The task: Going through the material below, output exactly the lines from the one containing "灶台背後也是需要有靠山的,不" through the one containing "Auf unseren Wunsch", and no pictures.

+ + + + +

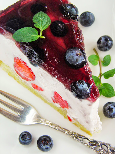 Przygotowuję galaretkę poziomkową w szklance wody, studzę ją, powinna zacząć się ścinać. Mocno schłodzoną (minimum 12 godzin w lodówce) śmietanę ubijam chwilę na średnich obrotach, po czym dodaję po trosze cukier puder, ubijam aż zgęstnieje. Nie przerywając ubijania dodaję po łyżce serek mascarpone, a na koniec powoli tężejącą galaretkę. Wykładam połowę masy na zimny biszkopt, wtykam truskawki, uzupełniam tortownicę resztą masy. Wstawiam ją na 15 minut do lodówki, a w tym czasie rozpuszczam galaretkę jagodową (wg przepisu), studzę ją. Na schłodzonej masie śmietanowej układam borówki, zalewam wszystko tężejącą galaretką jagodową. Przed pokrojeniem schładzam minimum 3 godziny.
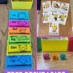- Blending Cards – Use Simply Kinder’s Decoding Cards found HERE or notecards to create binder rings of decodable words. Build a set for each new skill you cover. Students can use fun pointers to practice decoding and blending words. Let your blending sets grow and place them in an easy-to-access place so students can practice blending and build fluency all year long!
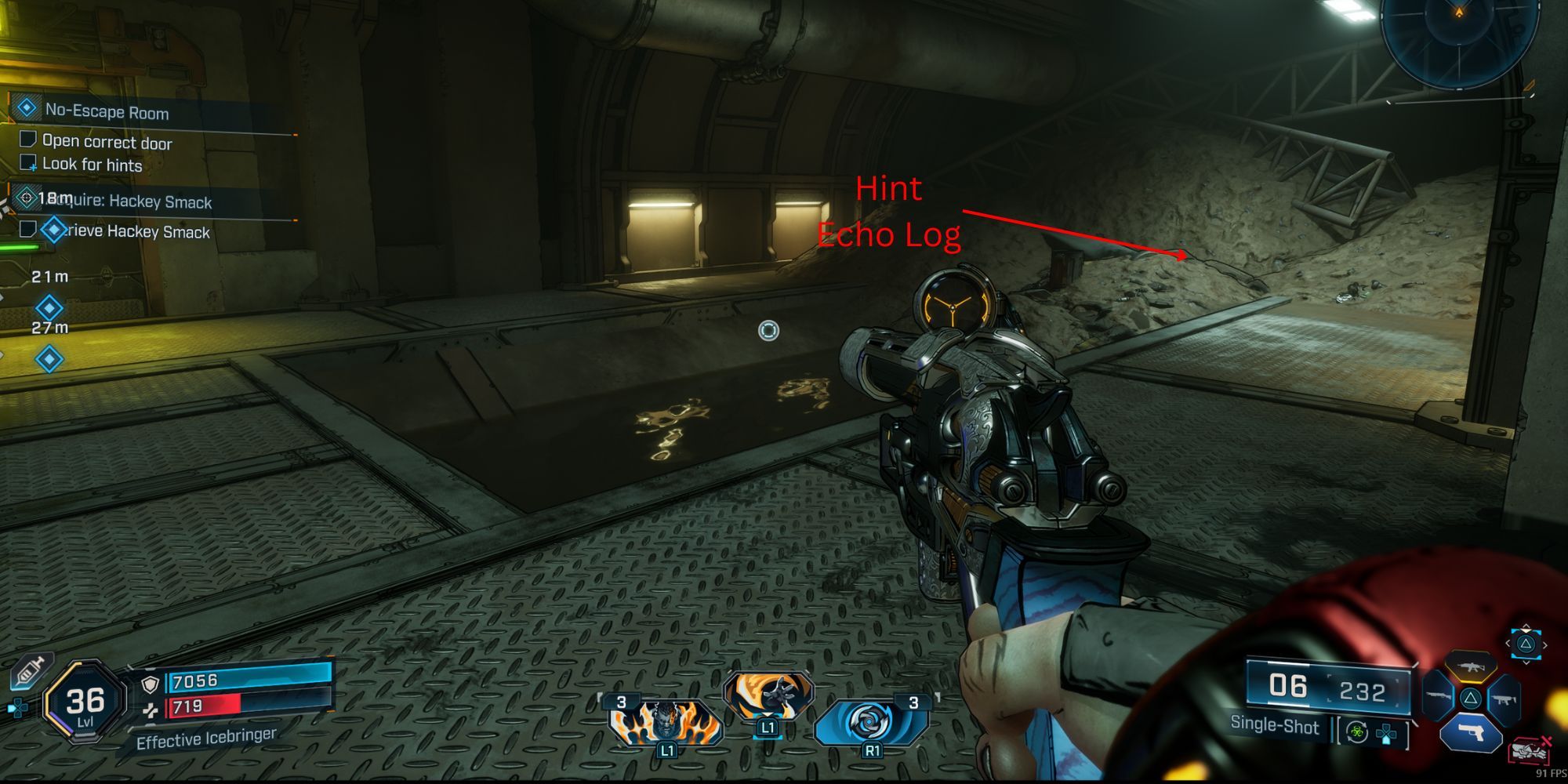 Если вам нужно больше подтверждений того, что это правильная дверь, вы также можете найти подсказку Echo Log в комнате. Вы найдете эту подсказку среди завалов справа от дверей.
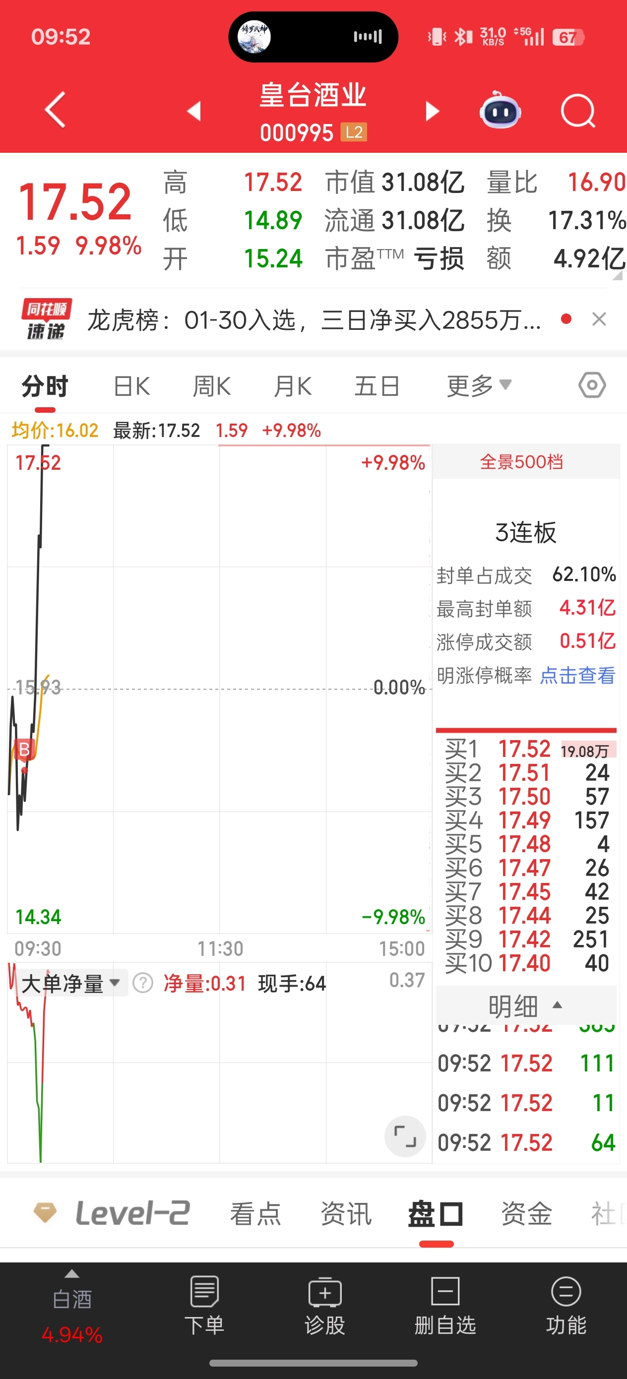 $皇台酒业(SZ000995)$ 看明天有没有肉吃了。哎。。
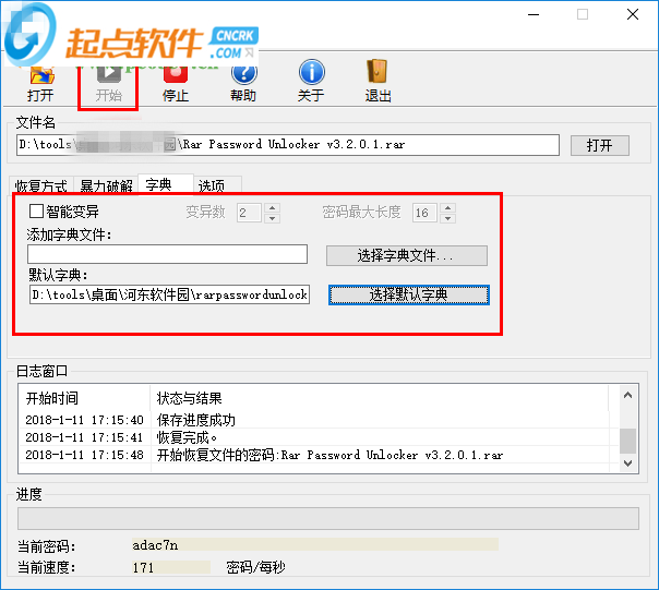 10、用戶在txt中輸入可能大概的密碼組合(每一行一列密碼),然后保存,在恢復(fù)方式中勾選【字典破解】后,點(diǎn)擊【字典】選項(xiàng)卡,然后添加字典,并設(shè)置能能能變異的變異數(shù)、密碼最大長度,點(diǎn)擊【開始】即可。
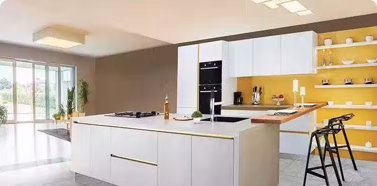 灶台背後也是需要有靠山的,不可空虛。若把灶台設在中央,四面無依無靠,不僅容易在做飯時油漬肆濺,影響廚房衛生,而且也易出現安全隱患。
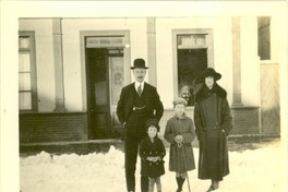 Roque Esteban Scarpa junto a sus padres Esteban Scarpa Covacevich y María Esperanza Straboni, y su hermano José frente a su casa en Punta Arenas.
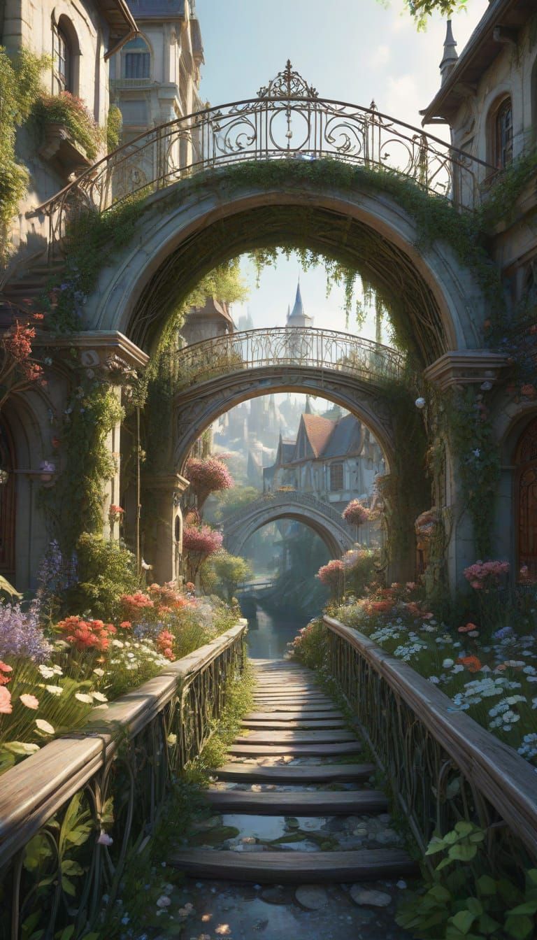 A hyperdetailed image of a fairytale art nouveau bridge leading to an Elven village. The scene features tall, spired buildings, vines, flowers, and a rococo aesthetic in vivid colors.
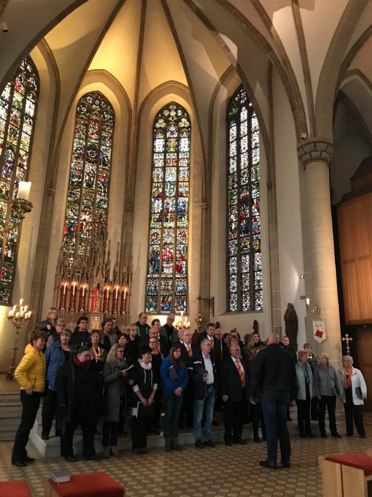 Auf unseren Wunsch hin, begleiteten wir an Allerheiligen eine katholische Messe in der St.-Agatha-Kirche in Gronau-Epe. Am Gemeindehaus der Kirche gab es ein Wiedersehen mit einigen Sängern des Polizeichores Ahaus. Die Stellprobe in der Kirche und das anschließende Einsingen fielen ungewohnt knapp aus und ehe wir uns versahen, begann die Messe in der St.-Agatha-Kirche. Während unseres Auftrittes begleitete uns FDB Jürgen Etzrodt (anerkannter deutscher Berufschorleiter) an der Orgel. Er war lange Jahre als Kirchenmusiker in dieser Gemeinde tätig. Der Polizeichor Dresden hat schon öfter katholische Messen musikalisch begleitet, aber der junge Pfarrer hat uns mit seiner freundlichen und offenen Art sowie der dynamischen Predigt überrascht. Da war es dann auch kein Wunder, dass unser Liedgut u.a. „Gib mir die richtigen Worte“, „Locus iste“ und „The Lord bless you and keep you“ gut aufgenommen wurden.
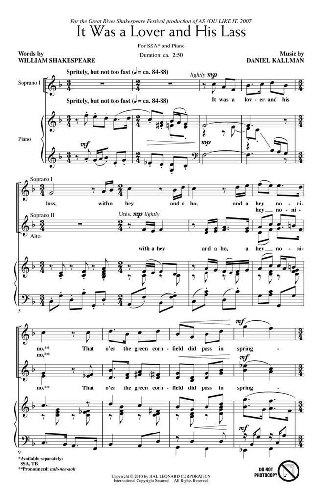 This delightful setting of Shakespeare's well known whimsical celebration of springtime love will be a joy to perform! Dancing melodies dart and play over the brilliant piano textures for a superb choral showpiece!
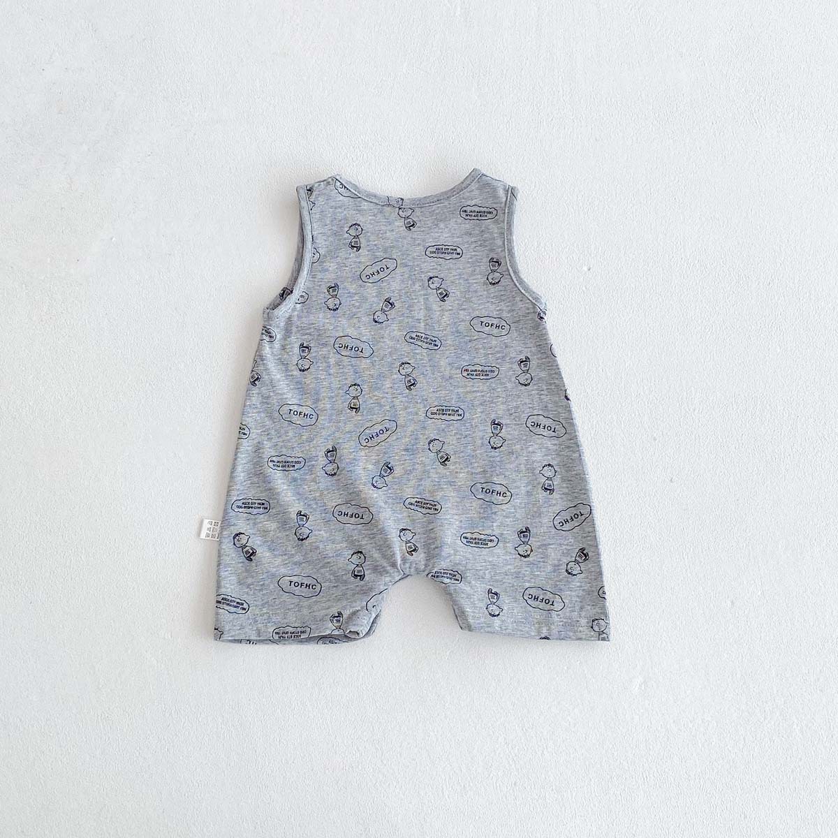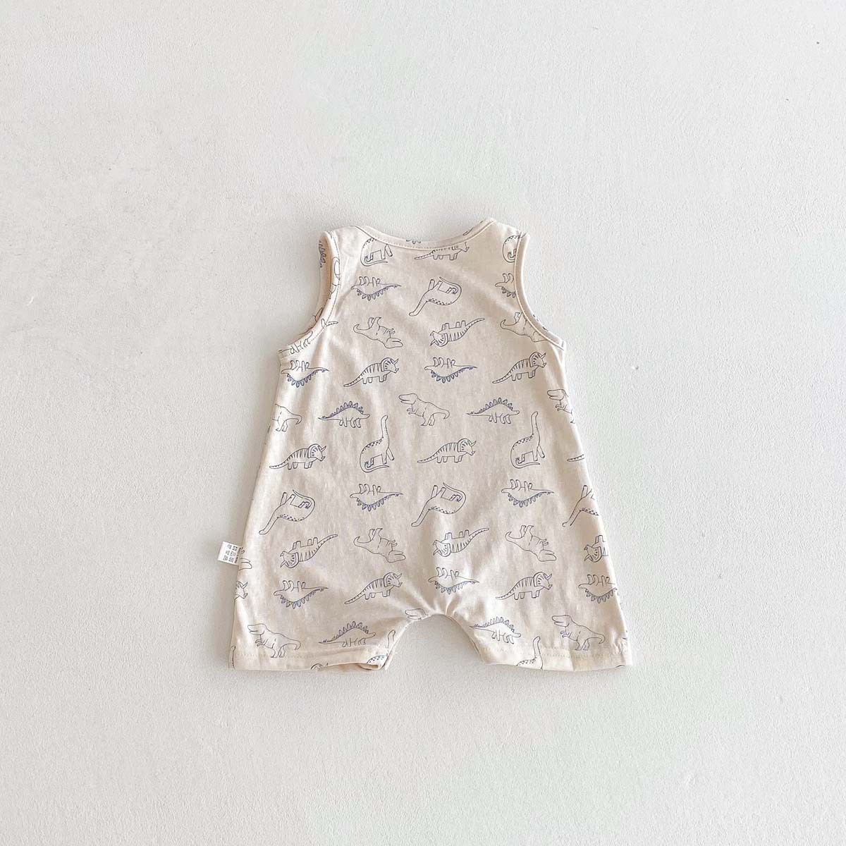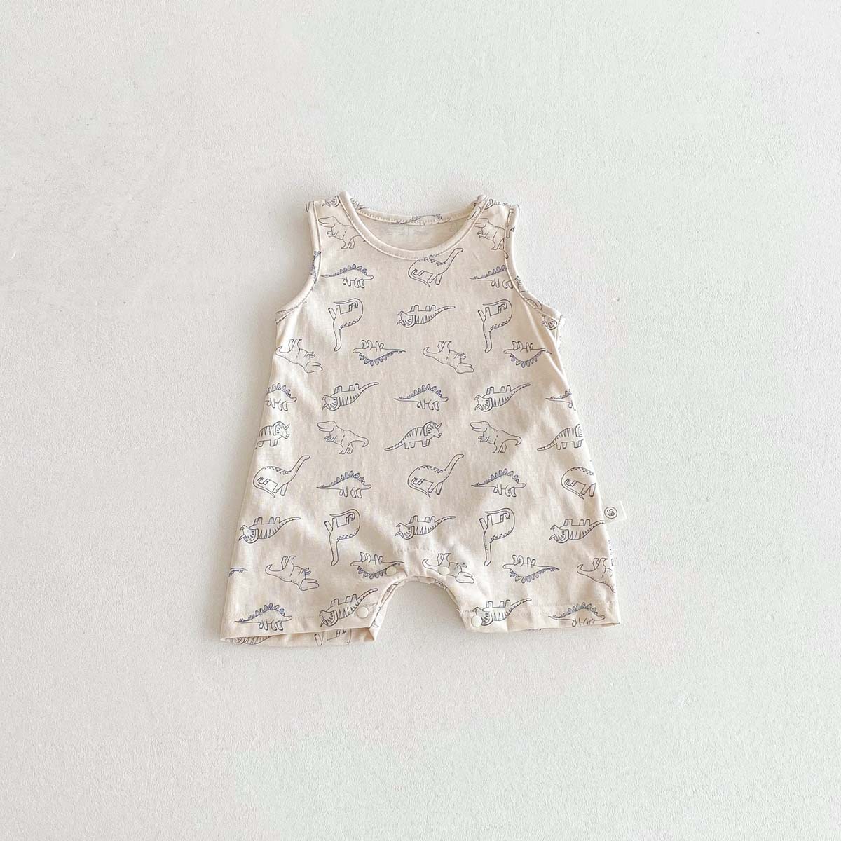This sleeveless romper for baby boys features a lively dinosaur print that will inspire your baby's adventurous spirit. Made from cool, refreshing material, it's perfect for summer babies. The easy-to-move design makes changing clothes and diapers a breeze. It's perfect for everyday wear as well as playing outside. It's a playful item that will bring out your baby's cuteness.

+ + + + +

Problem solution:
 灶台背後也是需要有靠山的,不可空虛。若把灶台設在中央,四面無依無靠,不僅容易在做飯時油漬肆濺,影響廚房衛生,而且也易出現安全隱患。
 Roque Esteban Scarpa junto a sus padres Esteban Scarpa Covacevich y María Esperanza Straboni, y su hermano José frente a su casa en Punta Arenas.
 A hyperdetailed image of a fairytale art nouveau bridge leading to an Elven village. The scene features tall, spired buildings, vines, flowers, and a rococo aesthetic in vivid colors.
 Auf unseren Wunsch hin, begleiteten wir an Allerheiligen eine katholische Messe in der St.-Agatha-Kirche in Gronau-Epe. Am Gemeindehaus der Kirche gab es ein Wiedersehen mit einigen Sängern des Polizeichores Ahaus. Die Stellprobe in der Kirche und das anschließende Einsingen fielen ungewohnt knapp aus und ehe wir uns versahen, begann die Messe in der St.-Agatha-Kirche. Während unseres Auftrittes begleitete uns FDB Jürgen Etzrodt (anerkannter deutscher Berufschorleiter) an der Orgel. Er war lange Jahre als Kirchenmusiker in dieser Gemeinde tätig. Der Polizeichor Dresden hat schon öfter katholische Messen musikalisch begleitet, aber der junge Pfarrer hat uns mit seiner freundlichen und offenen Art sowie der dynamischen Predigt überrascht. Da war es dann auch kein Wunder, dass unser Liedgut u.a. „Gib mir die richtigen Worte“, „Locus iste“ und „The Lord bless you and keep you“ gut aufgenommen wurden.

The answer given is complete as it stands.